**Task instructions**:
Exactly the lines below from the line with "Faletalatala Programme Dec 2020" through the line with "Thomas L. Butcher Park" must make up the answer, both ends included and pictures left out.
══ Data excerpts
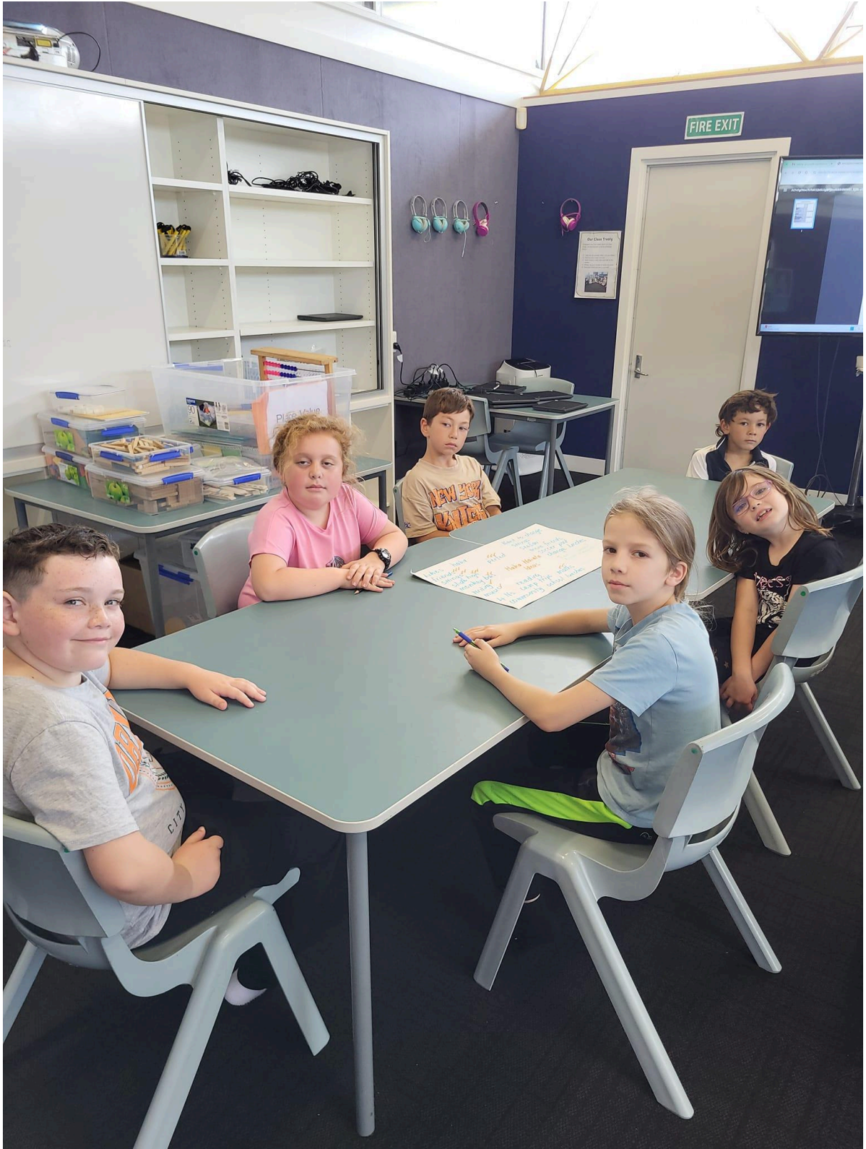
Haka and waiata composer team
════
══ Data excerpts
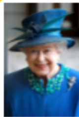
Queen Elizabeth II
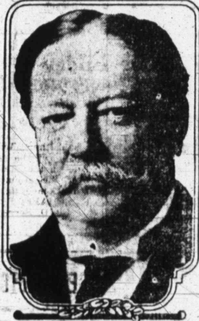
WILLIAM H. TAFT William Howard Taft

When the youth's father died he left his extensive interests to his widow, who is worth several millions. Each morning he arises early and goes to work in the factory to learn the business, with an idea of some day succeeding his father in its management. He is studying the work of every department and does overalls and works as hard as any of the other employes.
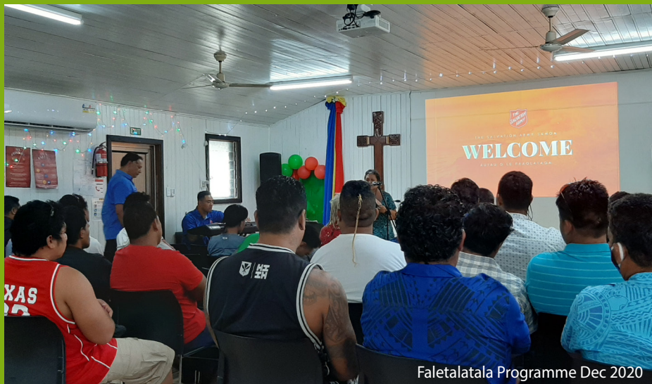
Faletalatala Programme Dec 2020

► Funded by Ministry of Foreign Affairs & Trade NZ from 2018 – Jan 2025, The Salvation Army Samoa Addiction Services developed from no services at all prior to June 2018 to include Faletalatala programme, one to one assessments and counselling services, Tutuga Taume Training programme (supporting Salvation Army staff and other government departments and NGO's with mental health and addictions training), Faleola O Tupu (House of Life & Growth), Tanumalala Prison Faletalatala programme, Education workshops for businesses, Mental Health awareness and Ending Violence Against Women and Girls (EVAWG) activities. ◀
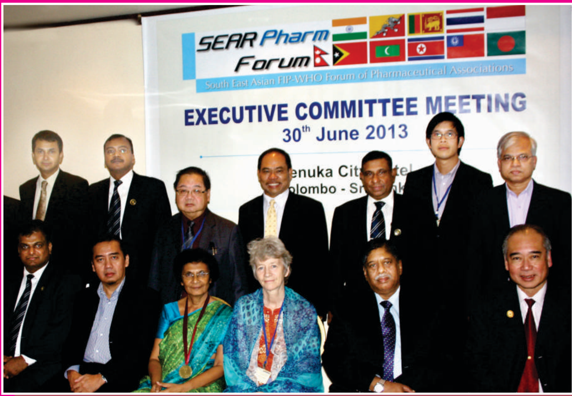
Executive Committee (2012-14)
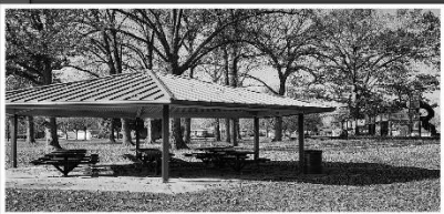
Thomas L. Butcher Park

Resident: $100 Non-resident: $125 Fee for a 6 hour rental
════
══ Data excerpts
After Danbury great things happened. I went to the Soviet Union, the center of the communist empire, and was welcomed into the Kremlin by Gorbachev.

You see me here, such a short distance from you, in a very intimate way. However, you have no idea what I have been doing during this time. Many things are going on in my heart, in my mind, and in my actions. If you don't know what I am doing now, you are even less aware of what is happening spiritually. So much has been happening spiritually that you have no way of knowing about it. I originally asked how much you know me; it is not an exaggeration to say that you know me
════
**Answer area**:
Faletalatala Programme Dec 2020

► Funded by Ministry of Foreign Affairs & Trade NZ from 2018 – Jan 2025, The Salvation Army Samoa Addiction Services developed from no services at all prior to June 2018 to include Faletalatala programme, one to one assessments and counselling services, Tutuga Taume Training programme (supporting Salvation Army staff and other government departments and NGO's with mental health and addictions training), Faleola O Tupu (House of Life & Growth), Tanumalala Prison Faletalatala programme, Education workshops for businesses, Mental Health awareness and Ending Violence Against Women and Girls (EVAWG) activities. ◀
Executive Committee (2012-14)
Thomas L. Butcher Park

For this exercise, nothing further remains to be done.